Heiwa Corporation
- Native name: 株式会社平和
- Romanized name: Kabushiki Gaisha Heiwa
- Type: Public (K.K.)
- Traded as: TYO: 6412
- Industry: Gambling machine manufacturing
- Genre: Entertainment
- Founded: 1949; 77 years ago September 9, 1960; 65 years ago (incorporated)
- Founder: Kenkichi Nakajima
- Headquarters: Kiryū, Gunma (head office) Taitō, Tokyo (sales headquarter), Japan
- Key people: Katsuya Minei (Representative Director & Vice President); Katsumasa Nakata (Director & Head-Technology Group); Toshinobu Moromizato (Senior Managing Director & GM-Administration);
- Products: Pachinko and Pachislot machines
- Revenue: ¥ 1.675 billion
- Number of employees: 821 (as of March 31, 2014)
- Subsidiaries: PGM Holdings Olympia AmTechs
- Website: www.heiwanet.co.jp

= Heiwa Corporation =

Japanese manufacturer of pachinko and slot machines

Heiwa Corporation (株式会社平和, Kabushiki Gaisha Heiwa) is a privately owned Japanese manufacturer of pachinko and pachislot machines established in Kiryū, Gunma in 1949. It is one of the world's largest maker of pachinko machines.

==History==
Born in Korea, Kenkichi Nakajima, then a student, came to Japan in 1937 and worked in a defense factory during World War II. In 1949, he established Heiwa ('peace') as he wanted to produce goods unrelated to war; it was, however, only officially incorporated on September 9, 1960. In 1988, it became the first over-the-counter company in the pachinko industry.

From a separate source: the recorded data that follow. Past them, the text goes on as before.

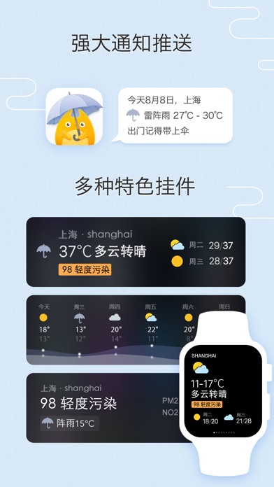 这是一款好用的天气应用。为你提供实时温度、空气质量,十日天气预报,精准分时趋势。强大天气推送,覆盖中国 3000+ 市县、全球200000+ 城市。快来下载体验吧。
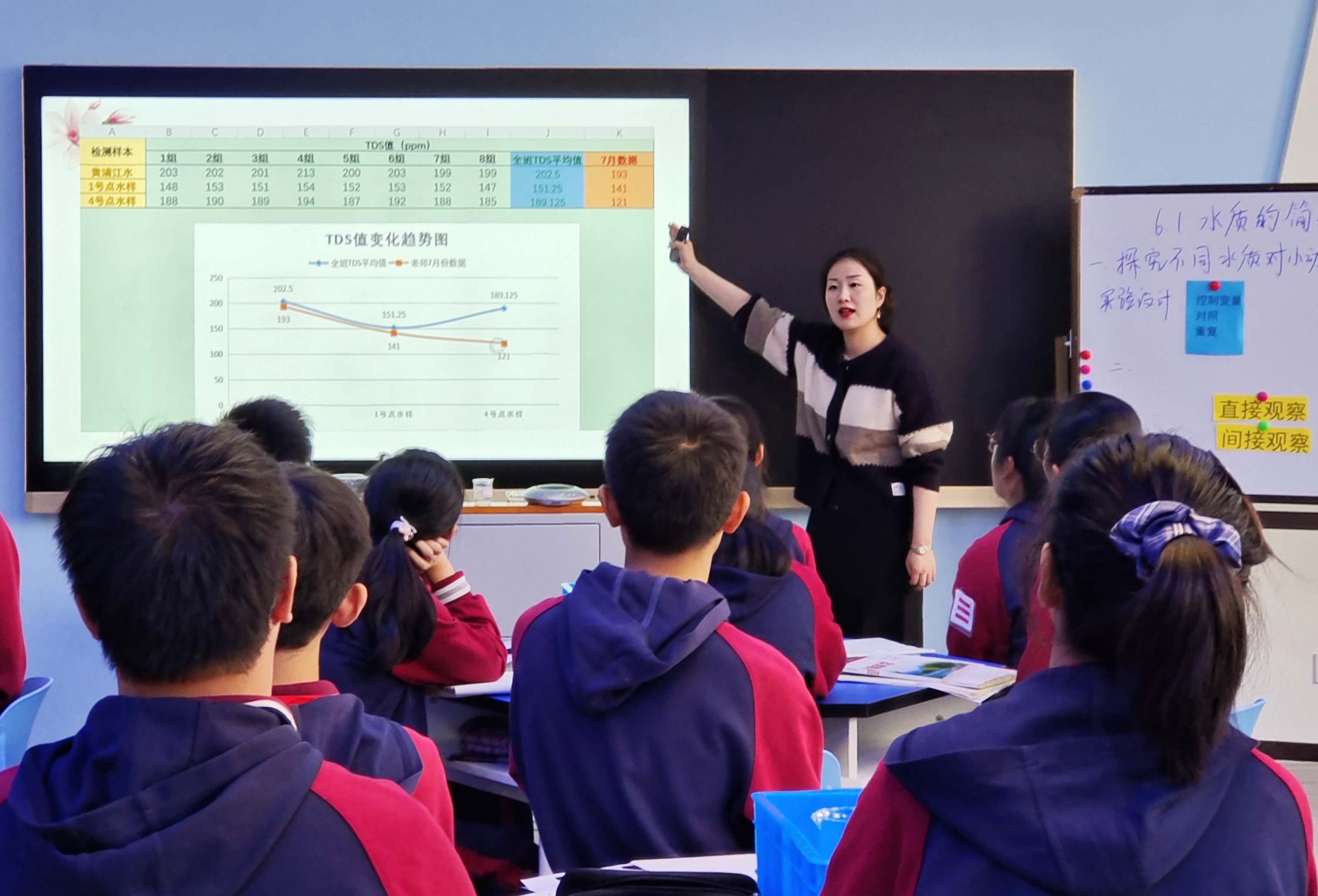 为了更好地呈现这节实验课,张老师在课前设计了学生的探究活动,并对学生的作业进行了初次评价;课上,根据学情和利用创新实验室的优势分别又设计了“实验设计分析讨论”及“水质的简易测定”的探究活动;课后,她要求学生重新修改完善实验设计,完成实验结论,再次提交评价。这样的活动设计,不仅让学生对探究方法和过程更清晰,进一步提示了学生的科学思维。同时,传感器的使用使得水质测定更加便捷。相较传统的PH试纸检测,不仅是从定性到定量观察的变化,也使学生对直接观察和间接观察的优劣体会更加直观、深刻。
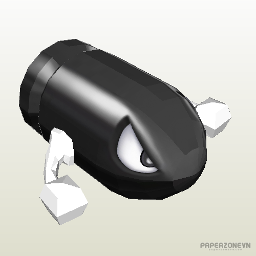 Bring home the iconic Bullet Bill papercraft – the legendary missile from the Mario Bros series. Known for its giant black body, strong arms, and fierce expression, Bullet Bill has always been a surprising challenge for players. Thanks to the free templates, you can easily print, cut, and assemble this iconic character. A perfect addition for fans of Mario and Nintendo collections.
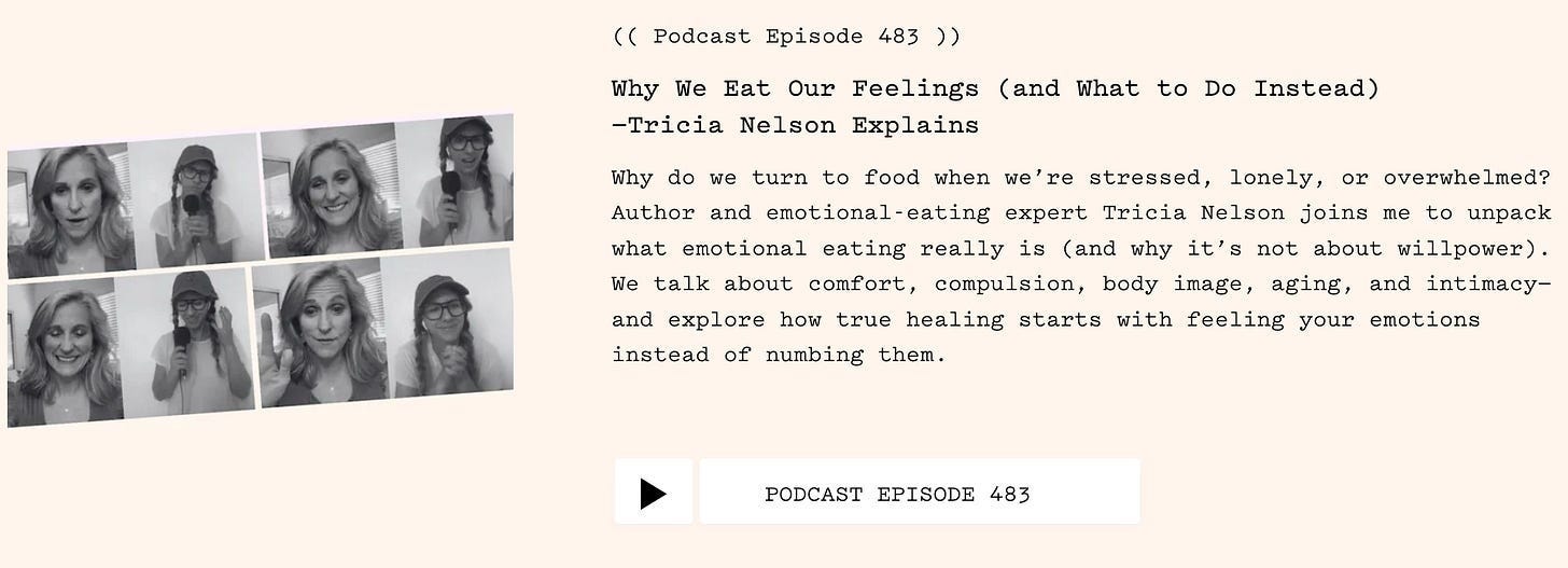We all have things we use to take the edge off and unfortunately, my preferred addiction is the most uncool of all. On this week’s episode with emotional eating expert Tricia Nelson, I lament that getting sober from alcohol not only is cooler, it’s possible to quit completely. Mine isn’t. As Tricia puts it, it’s like having to take a tiger out of its cage, pet it, and get it back in there, without getting bitten.

It entered the Tokyo Stock Exchange on the Second Section in 1991 and moved to the First Section in 1997. In 1998, Heiwa acquired Olympia, another pachinko manufacturer, and turned it into a subsidiary company. Heiwa became the first company in its segment to have an ISO9001 in 2000. In 2004, it founded the subsidiary company PGM Holdings, a golf course operator.